Previous work had suggested that the reason for the improved survival in the CCB group may be due to a subgroup who was also taking aspirin. In the present cohort, six of 164 patients were taking both aspirin and CCBs in combination. There was no evidence on simple (hazard ratio 0.920, P = 0.843) or adjusted cox regression (hazard ratio 0.822, P = 0.644) that patients taking both drugs in combination had a survival benefit over the rest of the cohort.
This retrospective cohort study looked at the effect of CCBs on overall survival in patients with unresectable PDAC. Adjusted Cox regression revealed significantly improved overall survival in patients prescribed CCBs; hazard ratio 0.496 (95% CI = 0.297–0.827; P = 0.007). The Kaplan–Meier estimated median survival was longer for patients prescribed CCBs (15.3 vs 10.1 months), but this did not reach statistical significance (P = 0.131).
The improved survival demonstrated by adjusted Cox regression (hazard ratio 0.587) was similar to that seen in our previous study looking at the effect of CCBs in patients undergoing a Whipple’s resection for PDAC (hazard ratio 0.475, P = 0.023), where overall survival was 26.8 months for those prescribed CCBs vs 17.4 months for those not taking the drug .
Repurposing of noncancer medications for use in oncology has ‘substantial advantages’ over the de-novo development of anticancer drugs . CCBs are ideal candidates for repurposing as they are commonly prescribed, with limited side effects, and previous laboratory studies suggest anticancer properties.

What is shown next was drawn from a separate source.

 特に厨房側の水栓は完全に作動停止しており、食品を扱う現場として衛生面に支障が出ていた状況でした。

This significant body of existing literature that offers potential mechanisms by which CCBs may have a therapeutic benefit in cancer [7,8]. Potential effects include promoting apoptosis, inhibiting proliferation and metastasis and sensitizing PDAC cells to chemotherapy.
It has long been recognized that intracellular calcium signalling is integral to apoptosis, the highly regulated process of cell death which is often impaired within cancer cell populations . Various CCBs have been shown to increase apoptosis in transformed cell lines including glioblastoma and colon adenocarcinoma in vitro [9,10]. Interestingly, these studies also demonstrated that CCBs can potentiate the apoptotic effects of traditional chemotherapeutic agents, suggesting a possible chemosensitizing effect. A more recent in-vitro study using pancreatic cancer cell lines has found that CCBs alone can induce apoptosis in PDAC.

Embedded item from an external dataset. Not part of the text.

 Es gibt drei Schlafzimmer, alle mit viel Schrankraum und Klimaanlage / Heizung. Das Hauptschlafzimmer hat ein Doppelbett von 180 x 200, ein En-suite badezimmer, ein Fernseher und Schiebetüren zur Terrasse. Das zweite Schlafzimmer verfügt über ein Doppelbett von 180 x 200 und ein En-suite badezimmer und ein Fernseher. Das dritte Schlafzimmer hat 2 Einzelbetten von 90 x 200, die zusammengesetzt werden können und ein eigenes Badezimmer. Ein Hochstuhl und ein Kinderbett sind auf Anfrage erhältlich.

In addition to promoting apoptosis, there is evidence that CCBs can ameliorate the abnormal proliferation seen in cancerous cells. Two studies demonstrate that CCBs can decrease tumour growth and inhibit proliferation in vivo [12,13]. One of these injected HT-39 breast cancer cells into an athymic mouse, and found that the CCBs amlodipine, verapamil and diltiazem were all able to inhibit proliferation and lead to significant decreases in tumour growth . Uehara et al.  used a rat model with N-nitrosomorpholine to induce HCC formation and found that treatment with CCB led to less cancer formation, and decreased proliferation where cancers did form. Especially, pertinent to the present study are three independent in-vitro studies showing that CCBs are able to decrease proliferation and inhibit growth, specifically in pancreatic cancer cell lines [11,14,15]. Importantly, this effect was seen with a variety of CCBs in numerous pancreatic cancer cell lines.
Others have described calcium signalling as a crucial regulator of tumourigenic cell migration and metastasis . In-vivo models have demonstrated the ability of CCBs to prevent metastasis of lymphosarcoma, melanoma and colon adenocarcinoma, theorizing that inhibition of platelet activation as a possible underlying mechanism [16,17]. Recent work with PDAC cell lines has found that CCBs reduce migration and invasion, suggesting that this antimetastatic effect applies to pancreatic cancer .
Another potential mechanism for the benefits of CCB seen in the present study is the ability to sensitize cancer cells to chemotherapy, as discussed above [9,10]. One of the main reasons is the ability of CCBs to inhibit multidrug resistance protein 1 (MDR1, also known as p-glycoprotein) . Timcheva and Todorov  showed that CCBs were able to potentiate the effects of chemotherapy on leukaemia cell lines that are high expressers of MDR1, but not leukaemia cell lines which were low expressers. CCBs ability to block MDR1 may be particularly important in PDAC, a cancer which is notoriously chemoresistant, and which is also a high expresser of MDR1 .
Calcium channels have been implicated in a wide variety of tumourigenic processes, including several hallmarks of cancer; resisting apoptosis, sustaining proliferative signalling, activating invasion and metastasis . The basic science papers referenced above represent a large body of research to support the hypothesis that blockade of calcium channels may have a therapeutic benefit in patients with cancer.
The above basic science studies use a range of different types of CCBs. While these all have similar effects, their chemical structure differs and they have slightly different pharmacological properties. While we did collect data on which type of CCB patients in this study were taking, the sample size was too small to compare survival differences between different types of CCBs. Future work using cancer registries could achieve a far larger sample size and allow comparison between different types of CCB at different doses.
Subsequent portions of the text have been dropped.